The evolution of wearable technology has transitioned from rudimentary fitness tracking devices to advanced, intelligent systems capable of real-time sensing, processing, and communication [1]. This progression has been catalyzed by rapid advancements in microelectronics, low-power embedded processing, and wireless communication technologies [2]. Wearable devices now play a critical role in domains such as personalized healthcare, industrial safety, sports performance analysis, and ambient assisted living [3]. The growing necessity for continuous and autonomous operation in diverse and resource-constrained environments has elevated the importance of edge computing within these devices.

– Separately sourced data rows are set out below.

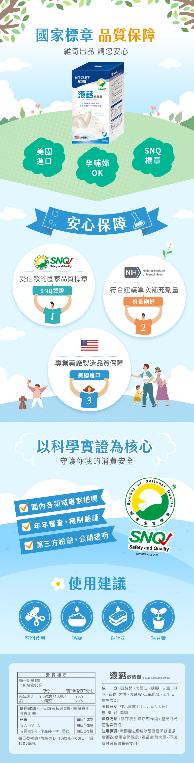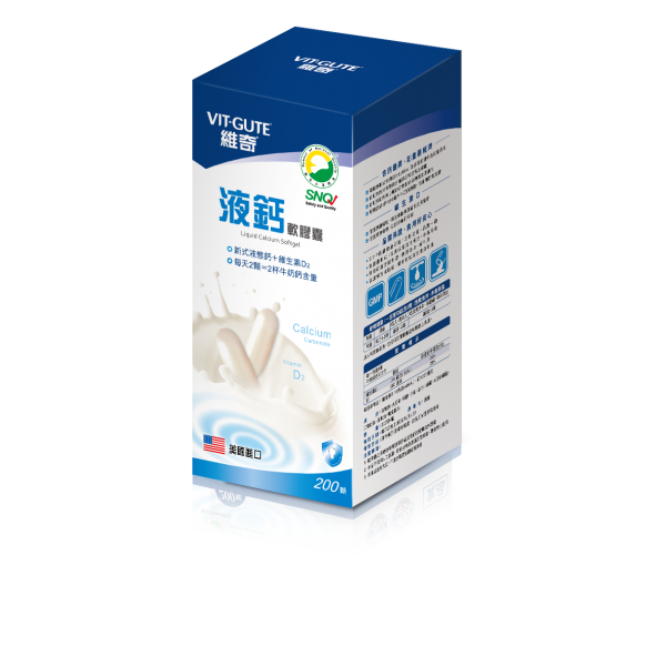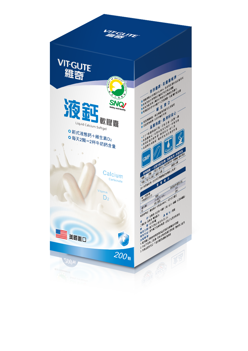 成份:碳酸鈣、大豆油、明膠、甘油、純水、蜂蠟、大豆卵磷脂、二氧化鈦、玉米油、維生素D2
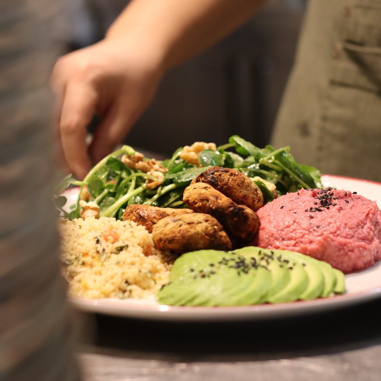A Cyprus com falafel, tabouleh, hummus, abacate, agrião e nozes. Sem dúvida, sabores surpreendentes que nos fazem viajar!
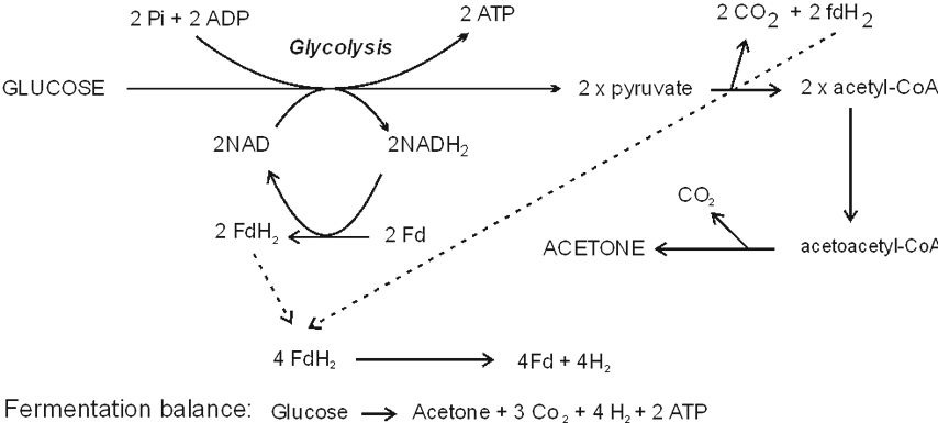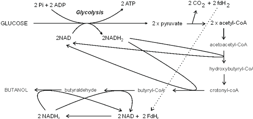 Fermentation balance: Glucose → Butanol + 2 CO2 + 2ATP |

Unlike traditional systems reliant on cloud processing, edge-intelligent wearables execute computational tasks locally, reducing latency, preserving bandwidth, and enhancing data privacy [4]. Central to this capability is the embedded microcontroller, which integrates data acquisition, digital signal processing, decisionmaking, and secure data transfer in a compact, power-efficient form [5]. Edge intelligence in wearable systems demands architectural designs that can support real-time analytics while maintaining strict power and size constraints [6]. Microcontrollers serve as the backbone of such systems due to their configurability, interrupt-driven control mechanisms, and increasing support for embedded machine learning inference [7]. They enable deterministic execution of time-sensitive tasks such as biosignal monitoring, gait analysis, or fall detection, making them indispensable in latency-critical applications [8]. Concurrently, the integration of diverse sensors—ranging from accelerometers and gyroscopes to optical and bioelectrical sensors—necessitates the development of efficient sensor fusion algorithms [9]. These algorithms must be computationally optimized for execution within limited processing windows and memory footprints, without compromising the accuracy or robustness of contextual interpretation [10].